Ainsi, le parcours de l’exposition est construit de façon thématique en fonction des motifs prélevés par Brassaï, les visages, les affects exprimés, la revendication ou l’assimilation des dits motifs à l’art Primitif.

On perçoit d’emblée l’intérêt et les limites de cette lecture muséale et néanmoins fidèle à la vision du photographe. Prélevant ces fragments de mur et en les utilisant de manière à « les faire parler » hors-contexte.

Portée par l’idée de « dépaysement » chère aux Surréalistes, frapper l’imaginaire, tordre le réel en le fragmentant pour en faire surgir des sens enfouis. C’est cette idée qui préside à la lecture de cette série  » Graffiti ».

On admire la qualité des tirages de Brassaï tout en nuances nocturnes de gris. Mais il y flotte comme un sentiment de défaite de la photographie.
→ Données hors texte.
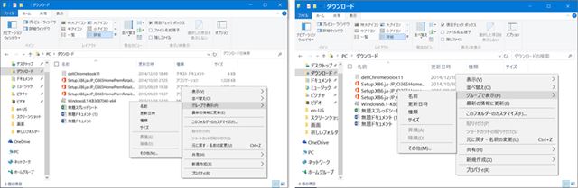 文字サイズ変更前と変更後のエクスプローラーの様子。「タイトルバー」「メニュー」「アイコン」の文字サイズを変えたので、タイトルバーにあるフォルダーの名前、アイコンの名前、右クリックメニューなどが大きく表示されるようになった。メニューのサイズを変えてたので、リボンUIのリボンの大きさも変化している

Elle y fait ici office d’outil d’enregistrement.  Brassaï s’intéresse de près et cadre serré ces motifs tel un employé du Louvre le ferait à titre informatif des œuvres d’art qui y sont exposées.

Le glissement qui s’opère ici par la lecture inclusive de cette série de graffiti en forme d’art populaire est intéressant mais se fait au-delà de toute lecture stricto sensu de ces images. Hormis prélever un fragment de « réel », le langage photographique reste confiné à une forme d’écriture basse c’est à dire de simple enregistrement.

Ce n’est pas par hasard si ces images ont été célébrées par les Surréalistes, ce travail est conforme à leur vision projective de l’image. Plus l’image est simple plus elle peut faire facilement l’objet de support à projection.

Par la suite, chacun y verra ce qu’il voudra, les tenants de l’art primitif y verront une analogie formelle de cette construction intellectuelle en occident. Les promoteurs de l’Art Brut, affirmeront, à juste titre sans doute, la participation de ces graffiti à ce mouvement.

Certaines images de cette série feront même l’objet de projets de tapisseries en reprenant les motifs prélevés sur les murs. Jacques Prévert y contribuera à sa façon avec des collages bien kitsch par dessus les images de Brassaï.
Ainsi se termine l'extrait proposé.